Right now both men are making exactly the films that they want to make. They have total artistic and creative control. They have to make sacrifices in terms of their time and their finances but as far as the creative process is concerned it’s their film. To take it to the “next level” might require a different sort of sacrifice. “I don’t know” says Rendell “I think that, like Mitchell, until the filthy lucre was there under my nose I don’t know what I’d be prepared to sacrifice for it”. “I wouldn’t tone down my vision at all” Ward says defiantly. “I’d be prepared to use cover shots to present people with a different view but I wouldn’t alter the tone of the films. If I had that big budget I’d still make a film like “A Day of Violence”.

One of the curious things about “A Day of Violence” is a cameo from Giovanni Lombardo Radice the Italian film star most well known, certainly here in the UK, for his roles in horror films of the early eighties made by the likes of “Cannibal Apocalypse”, “City of the Living Dead” and “House on the Edge of the Park”. It’s obvious from Wards earlier discussion about discovering video nasties as a youngster that he does like these films and the appeal of having someone like Lombardo Radice in his movie is obvious but what about the man himself. “I liked the script. They both have a real passion for what they are doing. They do it because they believe in it. Passion is a great force of human nature and if you have it it shows. It showed in the script.”

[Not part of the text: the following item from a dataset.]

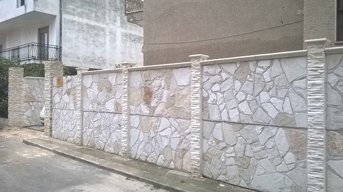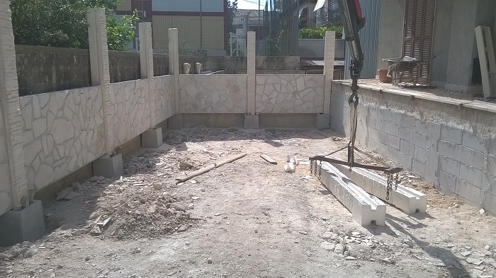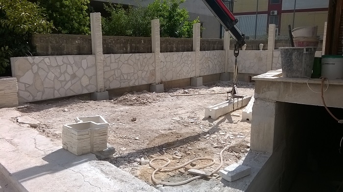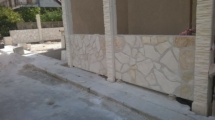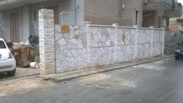 Realizzazione di pannelli con pietra di trani a mosaico (anticato) con pilastri beige.

With all three men now together I had to ask about the films opening three minutes. A fairly explicit and very realistic sex scene involving Rendell who I know has a partner. Just to make him feel awkward I asked if he would be showing his partner that part of the film?

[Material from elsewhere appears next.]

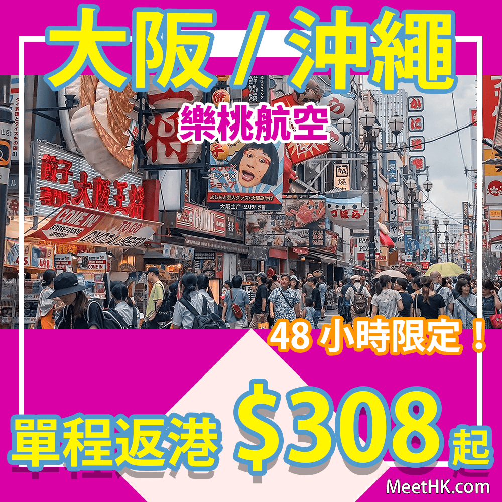 48小時限定!樂桃沖繩/大阪回程優惠!冬季航班繼續開賣!沖繩飛香港單程只需$308起,大阪$367起 – 樂桃航空 (優惠至8月23日9pm)

“No. The best thing about it is that it is the first three minutes of the film so for her it can start three and half minutes in.”

“That scene had to be realistic for me, this was an opportunity to show Mitchell as a compassionate, and passionate, man. The film starts with that to show that side of Mitchell. It’s three minutes and it is shocking but it isn’t exploitation, you don’t feel grubby watching it” Ward is right, the scene doesn’t play like an exploitation moment, it isn’t there just to get some flesh up on screen. It can be justified artistically and in relation to the development of the character.

It would be untruthful of me to say that “A Day of Violence” is a treat for all the family and even for those who enjoy these types of films it is a rough ride. The fact is that it is rough and tough film-making. It’s cinema from the edges. The big studios wouldn’t touch a film like this and most of you will never see it. But the important thing about Ward, Rendell and Lombardo Radice is that this is film-making by people who have passion. They are not doing any of this because it’s going to be good for their careers and I doubt that anyone is making a lot of money but, as Lombardo Radice said; “Passion is a great force of human nature”. There can’t be any argument about the fact that all three men and the film itself have passion.